The odd breath lifts; the dragonforce mana stored in Cerqin flips, then gets reabsorbed, a tide returning to its moon.

They meet eyes in the ink-dark seabed. Faces and pupils are silhouettes, but the after-chill matches, two mirrors fogged the same.

“It was biasing our thoughts,” Cerqin says, voice level as a blade.

“A high-tier mental illusion,” Silver Luan answers, calm like black ice.

They found it fast because they’ve met this trick before; in Eastwind City, and in the Imperial Capital, they were caught and cut by such nets.

“The pressure’s gone,” Cerqin notes, shoulders easing like ropes slackening.

“And the dragon aura feels heavier now,” Silver Luan adds, a weight like rain-laden clouds.

“It’s clearly using dragonforce as the vector.
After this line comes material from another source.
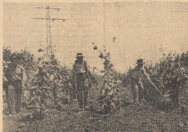
La indicația stației de avertizare a manei, viicultorii din gospodăria agricolă colectivă din Adunații Copăceni, raionul Giurgiu, execută în aceste zile stropitul contra manei.

If it had ridden raw mana, we’d be in real trouble,” Cerqin says.

She remembers the Capital, that aberrant mana twisting Qianli, making him stab her. The scene burns like a brand.

“So raiding divine dragon relics isn’t simple,” Silver Luan murmurs, a laugh without heat.

No direct attack yet; but under control, a march to the skull could turn into a fall, a cliff under fog.

The illusion split them: it welcomed Silver Luan, it blocked Cerqin with pressure, two faces on one mask.

“Let’s go take a look anyway,” Cerqin says, curiosity rising like a lantern lit underwater.